#### Records drawn from a dataset:
####################
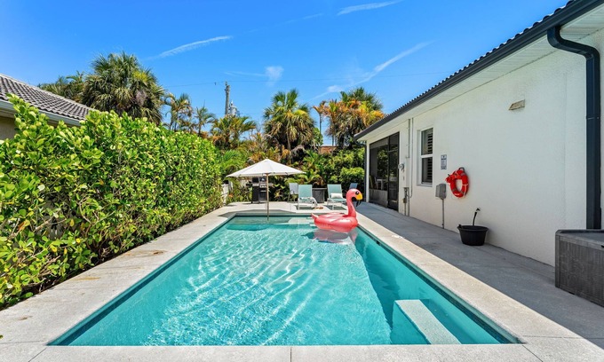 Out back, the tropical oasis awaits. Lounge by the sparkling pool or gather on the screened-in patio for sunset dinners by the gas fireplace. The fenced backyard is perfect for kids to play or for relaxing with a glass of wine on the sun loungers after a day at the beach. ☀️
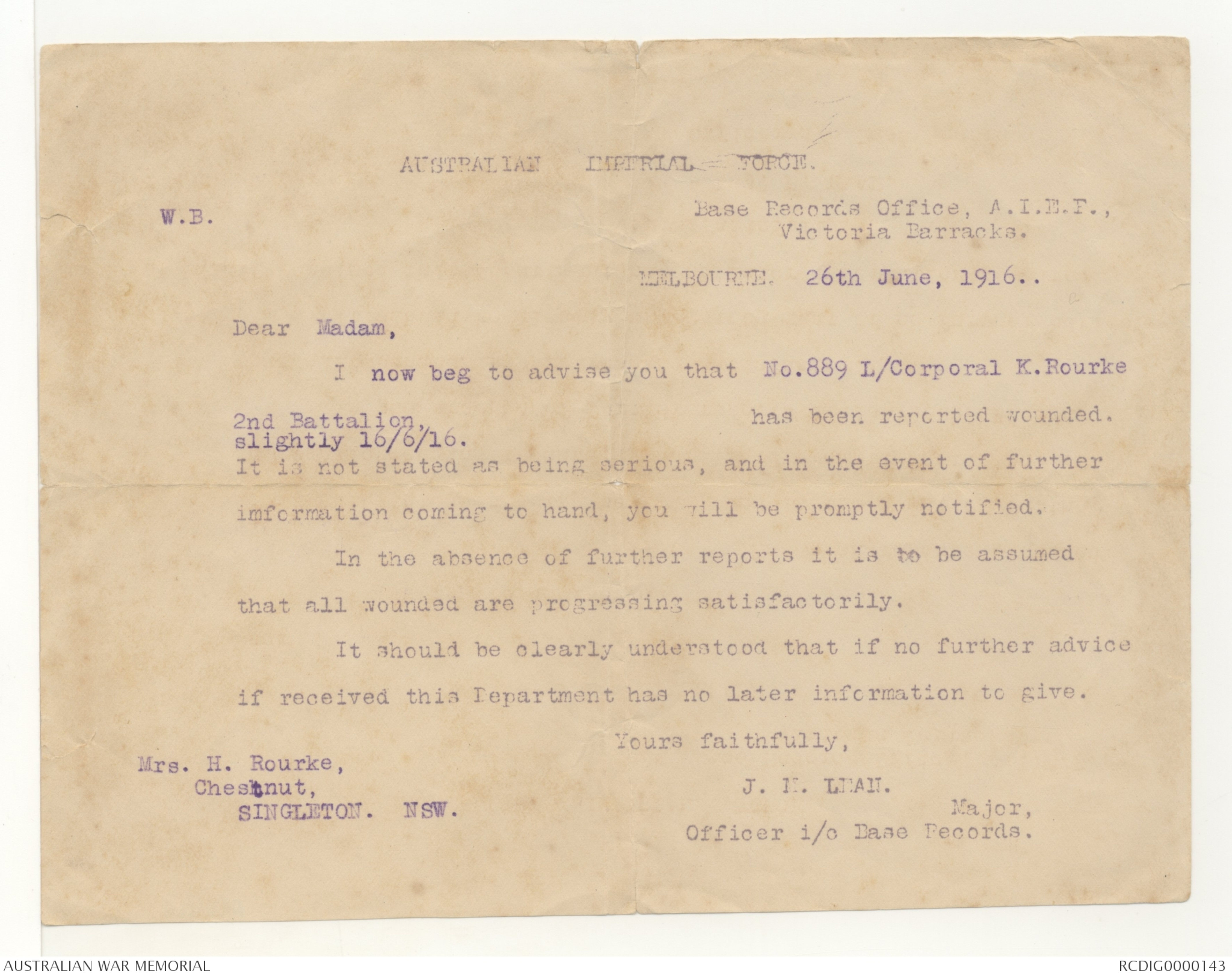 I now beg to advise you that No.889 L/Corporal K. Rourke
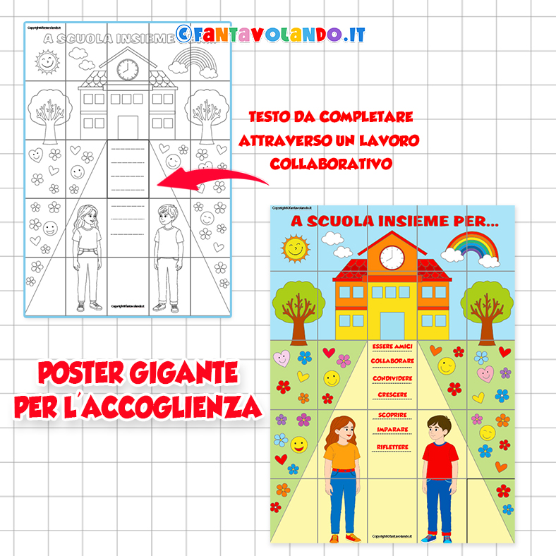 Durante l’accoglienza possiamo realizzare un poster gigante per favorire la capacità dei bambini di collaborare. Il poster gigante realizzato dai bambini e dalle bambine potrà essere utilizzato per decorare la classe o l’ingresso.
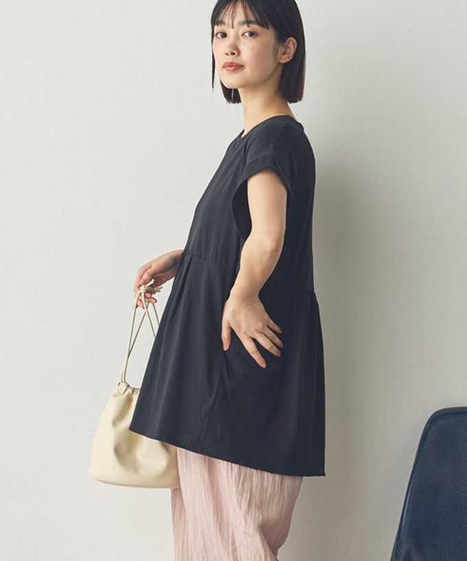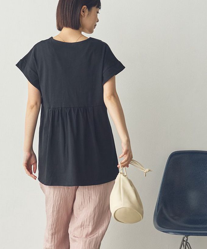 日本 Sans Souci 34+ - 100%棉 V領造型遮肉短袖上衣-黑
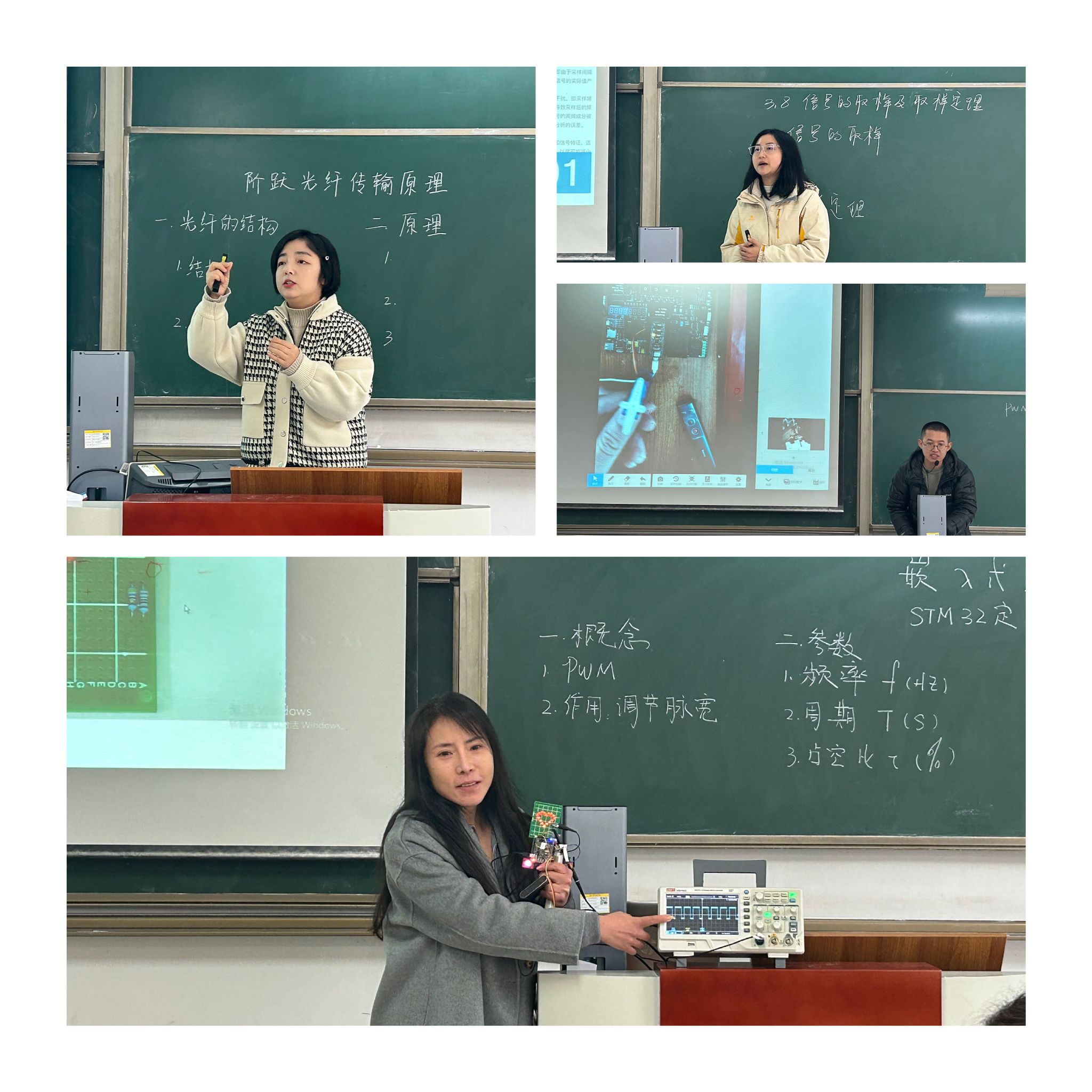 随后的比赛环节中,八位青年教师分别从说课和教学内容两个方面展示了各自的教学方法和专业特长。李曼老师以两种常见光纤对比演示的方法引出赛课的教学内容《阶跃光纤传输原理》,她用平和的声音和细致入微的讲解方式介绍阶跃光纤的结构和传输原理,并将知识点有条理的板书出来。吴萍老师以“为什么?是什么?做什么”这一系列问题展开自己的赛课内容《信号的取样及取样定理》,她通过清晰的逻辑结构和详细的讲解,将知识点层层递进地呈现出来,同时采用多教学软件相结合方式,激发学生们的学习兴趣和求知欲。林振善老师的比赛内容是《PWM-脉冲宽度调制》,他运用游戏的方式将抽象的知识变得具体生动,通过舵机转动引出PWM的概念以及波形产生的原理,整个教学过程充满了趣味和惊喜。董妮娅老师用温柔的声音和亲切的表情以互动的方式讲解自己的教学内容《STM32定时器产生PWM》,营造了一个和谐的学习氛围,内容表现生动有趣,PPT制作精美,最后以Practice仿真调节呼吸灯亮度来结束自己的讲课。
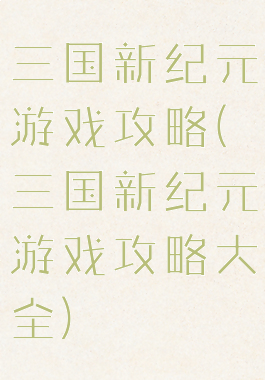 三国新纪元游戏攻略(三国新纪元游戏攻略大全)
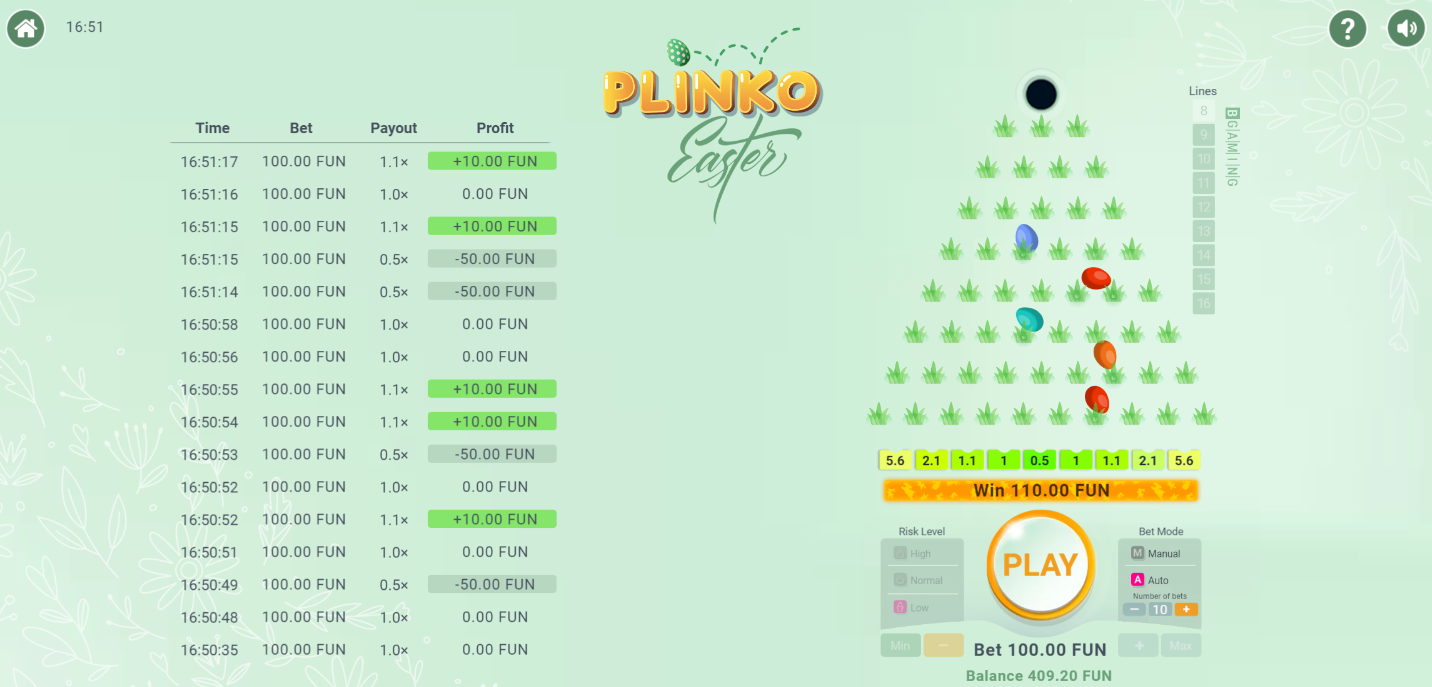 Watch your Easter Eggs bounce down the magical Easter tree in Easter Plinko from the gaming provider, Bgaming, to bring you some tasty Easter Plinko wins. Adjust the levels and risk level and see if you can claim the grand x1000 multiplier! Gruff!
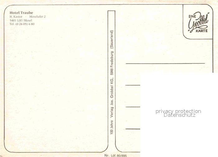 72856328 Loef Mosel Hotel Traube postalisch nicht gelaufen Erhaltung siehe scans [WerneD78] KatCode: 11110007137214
####################
Repeat only the stretch of data above that runs from the line with "Durante l’accoglienza possiamo" to the line with "日本 Sans Souci 34+ - 100%棉 V領造型遮肉短袖上衣-黑". Keep both end lines; exclude pictures.

#### Response to the exercise:
 Durante l’accoglienza possiamo realizzare un poster gigante per favorire la capacità dei bambini di collaborare. Il poster gigante realizzato dai bambini e dalle bambine potrà essere utilizzato per decorare la classe o l’ingresso.
 日本 Sans Souci 34+ - 100%棉 V領造型遮肉短袖上衣-黑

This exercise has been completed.